### What to work on
Reproduce the listing below exactly, beginning with its first line and ending with the line that holds "One of a kind!"; pictures are not part of the copy.

BEGIN Supplied data

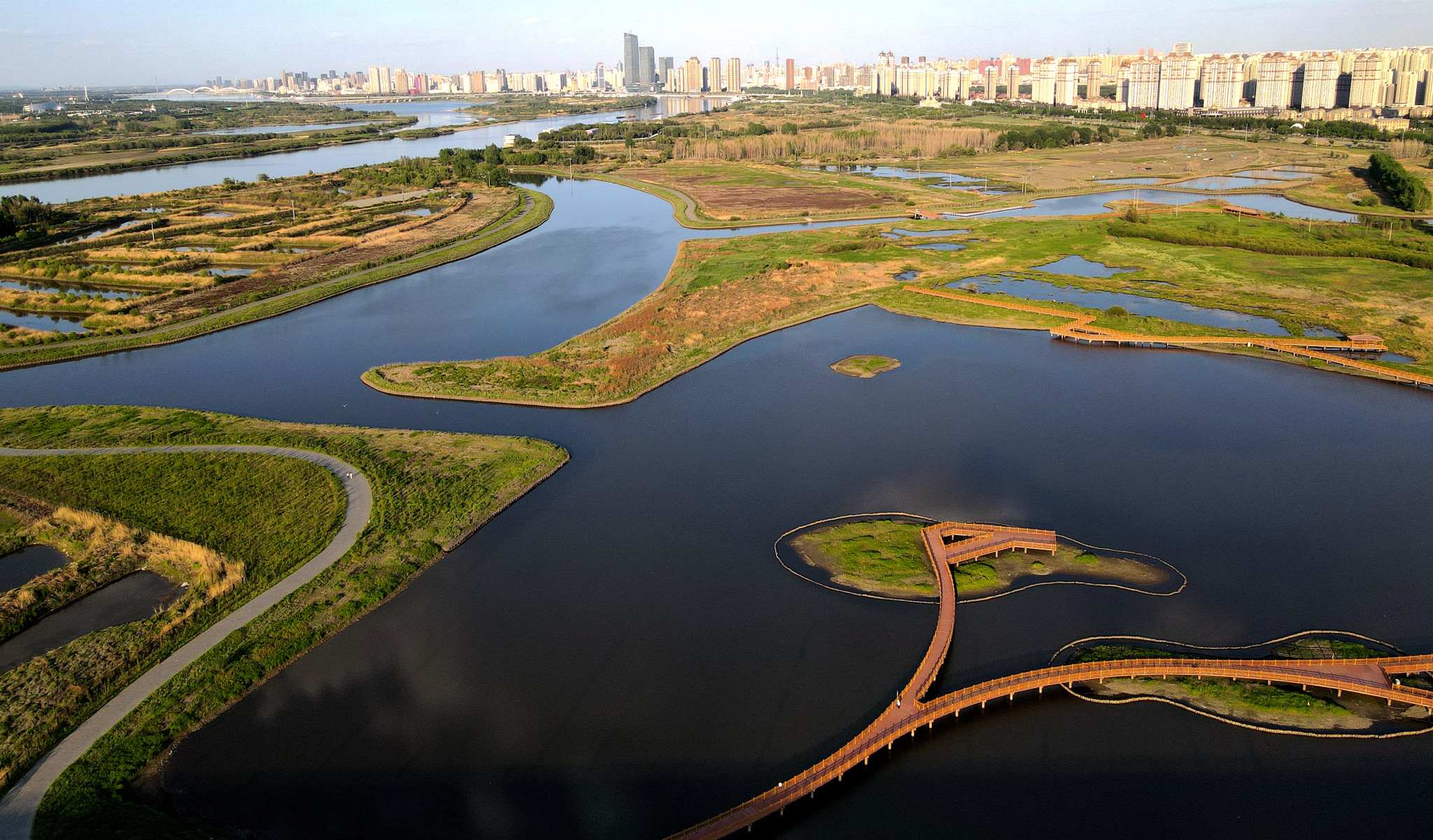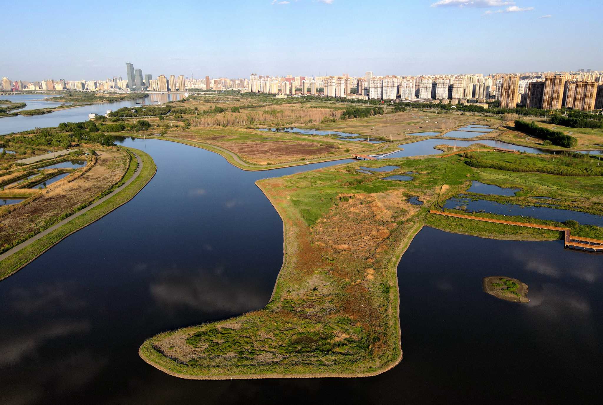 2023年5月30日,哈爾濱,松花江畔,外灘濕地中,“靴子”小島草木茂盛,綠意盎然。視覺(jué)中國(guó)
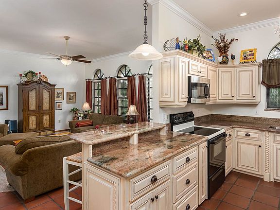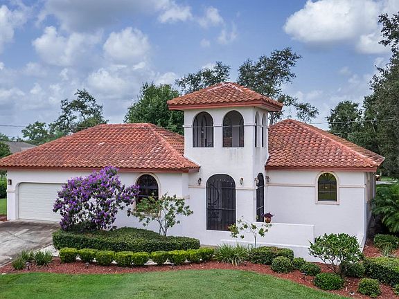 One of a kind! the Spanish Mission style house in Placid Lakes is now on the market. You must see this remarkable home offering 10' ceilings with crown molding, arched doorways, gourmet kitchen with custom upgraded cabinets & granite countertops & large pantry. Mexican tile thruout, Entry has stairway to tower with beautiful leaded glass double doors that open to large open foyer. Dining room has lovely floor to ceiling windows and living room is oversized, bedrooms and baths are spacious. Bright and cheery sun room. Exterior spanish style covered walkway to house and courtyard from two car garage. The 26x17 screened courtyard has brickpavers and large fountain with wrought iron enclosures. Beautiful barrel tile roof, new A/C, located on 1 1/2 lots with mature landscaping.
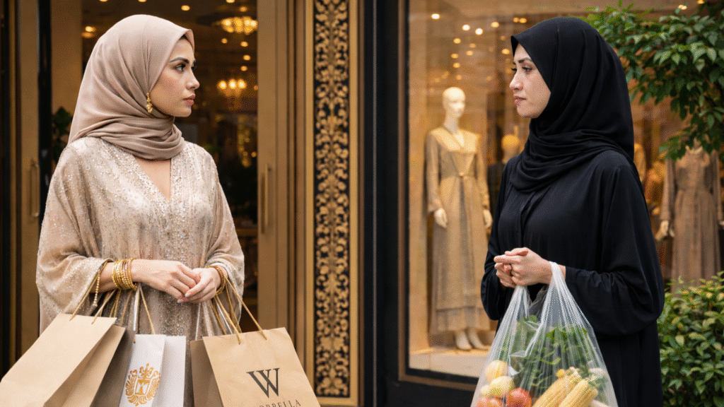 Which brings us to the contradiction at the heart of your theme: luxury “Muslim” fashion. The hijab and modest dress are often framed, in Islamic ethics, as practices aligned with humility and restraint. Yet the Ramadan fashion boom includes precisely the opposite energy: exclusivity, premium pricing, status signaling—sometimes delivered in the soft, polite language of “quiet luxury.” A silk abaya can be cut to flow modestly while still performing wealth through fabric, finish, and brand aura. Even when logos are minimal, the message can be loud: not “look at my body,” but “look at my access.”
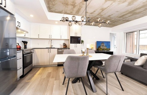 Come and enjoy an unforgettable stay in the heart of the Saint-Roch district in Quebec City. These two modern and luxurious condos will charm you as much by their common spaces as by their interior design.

END Supplied data

### Solved exercise
 2023年5月30日,哈爾濱,松花江畔,外灘濕地中,“靴子”小島草木茂盛,綠意盎然。視覺(jué)中國(guó)
 One of a kind! the Spanish Mission style house in Placid Lakes is now on the market. You must see this remarkable home offering 10' ceilings with crown molding, arched doorways, gourmet kitchen with custom upgraded cabinets & granite countertops & large pantry. Mexican tile thruout, Entry has stairway to tower with beautiful leaded glass double doors that open to large open foyer. Dining room has lovely floor to ceiling windows and living room is oversized, bedrooms and baths are spacious. Bright and cheery sun room. Exterior spanish style covered walkway to house and courtyard from two car garage. The 26x17 screened courtyard has brickpavers and large fountain with wrought iron enclosures. Beautiful barrel tile roof, new A/C, located on 1 1/2 lots with mature landscaping.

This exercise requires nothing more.